Who adopts in this model?

Adopt if, \(\sum s_{h}p+\omega>F\)

  • consumers with high \(p\) and \(s\)
    • if can’t sell back, consumers with high usage too
  • “environmentally conscious” consumers (high \(\omega\) )
  • consumers that face low fixed costs (\(F\))
    • possibly due to subsidies
  • These factors explain the patterns in following map.
  • They also reflect policy options

What put California at the top of residential solar?

CA has increasing block pricing

Goal: Recover fixed costs equitably.
Result: Large consumers size system to get on low tier.

Source: Severin Borenstein

What if you produce more than you consume?

Common policy: net energy metering (NEM)

  • NEM allows PV owners to sell power back to the grid
  • This breaks the temporal cap on solar (\(s_{h}<e_{h}\))
    • Most places in the US still require \(\sum_{h}s_{h}<\sum_{h}e_{h}\)

44 states currently allow net metering

When customers sell solar back to the grid, what price should they receive?

  • In the bill we looked at, I paid $0.217/kWh
  • If I reduce consumption by 1 kWh, I save $0.217
  • If I sell power back to the grid, what price should I receive?

Solar production and consumption generally not aligned

Wholesale cost avoided varies over time

In CA we often have too much solar mid-day

  • The price in these periods can actually be negative!

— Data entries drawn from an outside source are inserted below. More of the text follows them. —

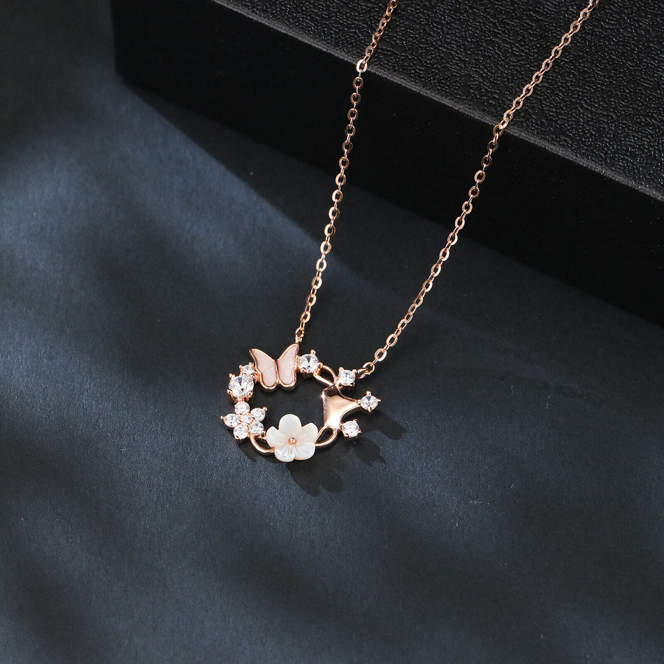 This exquisite necklace features a delicate rose gold chain adorned with an intricate pendant combining nature-inspired elements. The design showcases a graceful butterfly with translucent white wings, accompanied by blooming flowers crafted from pearlescent material. Sparkling clear gemstones accentuate the curves of the butterfly and petals, adding a touch of brilliance. The seamless integration of metallic elegance and natural motifs creates a harmonious balance, making it perfect for both casual and formal wear. Crafted with precision, this piece exudes sophistication and charm, ideal for those who appreciate artistic jewelry with a feminine touch. Its lightweight yet durable construction ensures comfort, while the adjustable chain length enhances versatility. Whether gifted or self-purchased, this necklace symbolizes beauty, transformation, and timeless style, capturing the essence of delicate artistry in everyday adornment.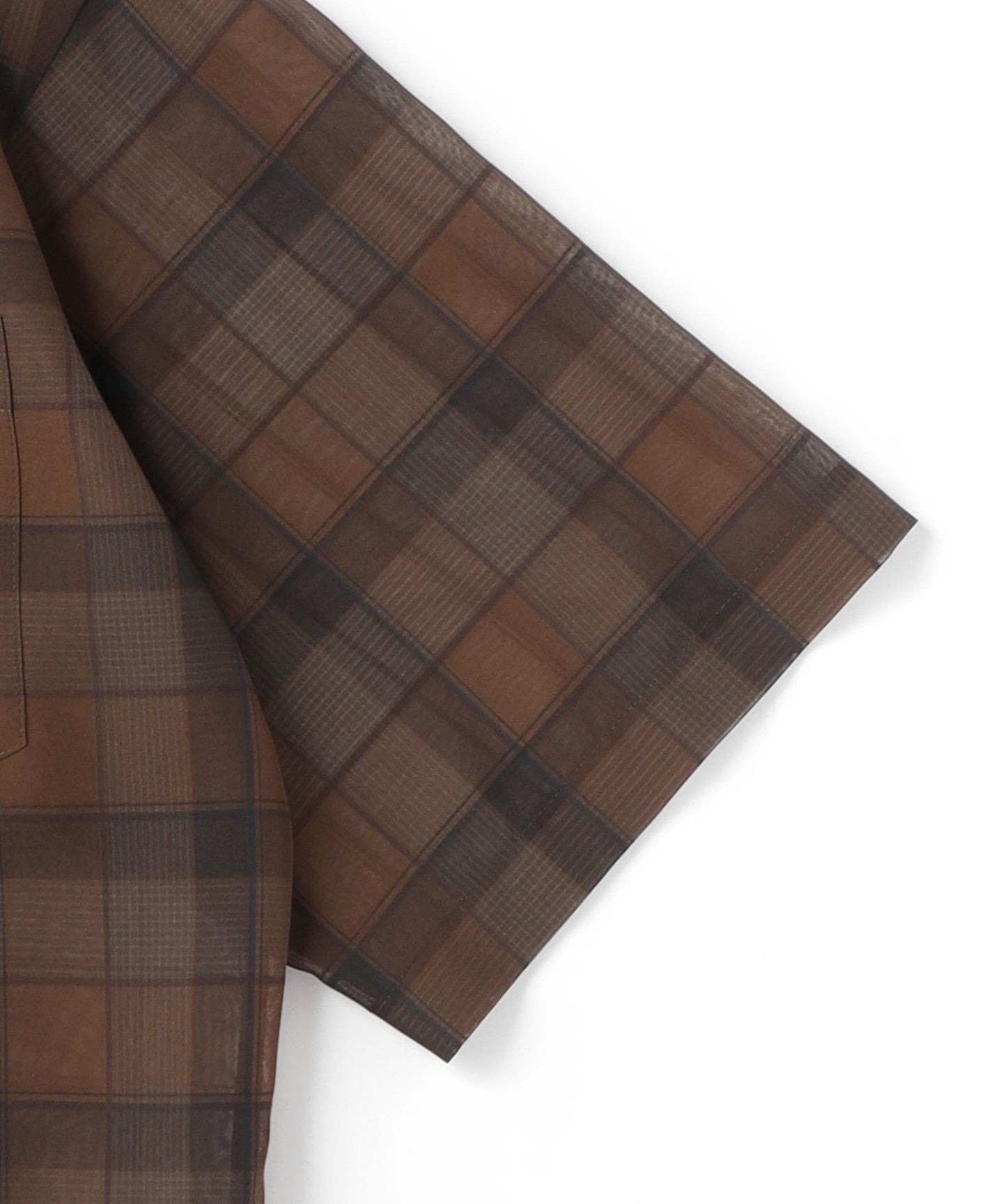A short-sleeved shirt with a retro brown check pattern.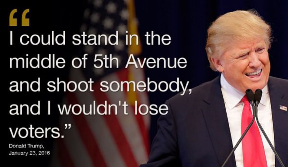 Remember when Donald Trump running for president was just a joke? Everyone laughed and thought he wouldn't last in the election. Well, congratulations America. You have now elected this man as President of the United States. This man is now the commander in chief for the next four years. Frankly, I have a hard time calling him a man. He is no man, he is a monster. He is a racist, sexist, bigot and I am terrified for our country.

The price on your bill includes fixed costs

  • I paid $0.217/kWh, but only half of that was for generation.
  • Fixed charges \(\approx\) total system cost independent of quantity consumed, divided by anticipated sales.

Major problem

As PV owners buy less electricity, the burden of those fixed costs will be shifted onto other households

  • That increase in prices will incentivize even more households to install PV…..
  • This is the utility “death spiral”

One solution is to charge consumers a large fixed cost just for being connected to the grid

  • What do people think about this?

So what’s the answer?

How should we compensate / encourage solar PV?

  • efficient solution would
    • charge a fixed fee for everyone that uses (or may use) the grid
    • incentivize people to reduce consumption at times when it is more valuable
      • but that value is the wholesale price
  • pricing externalities makes subsidizing solar irrelevant

Summary on Solar

  • Solar value proposition closely related to subsidies, sun, and the price you pay for electricity.
  • Subsidies have been generous, not obviously correlated with social value, and very volatile.
  • Letting people sell back to the grid makes sense, but at what price?
  • When large parts of the population install solar, we need to rethink how we cover the fixed costs of a reliable power system.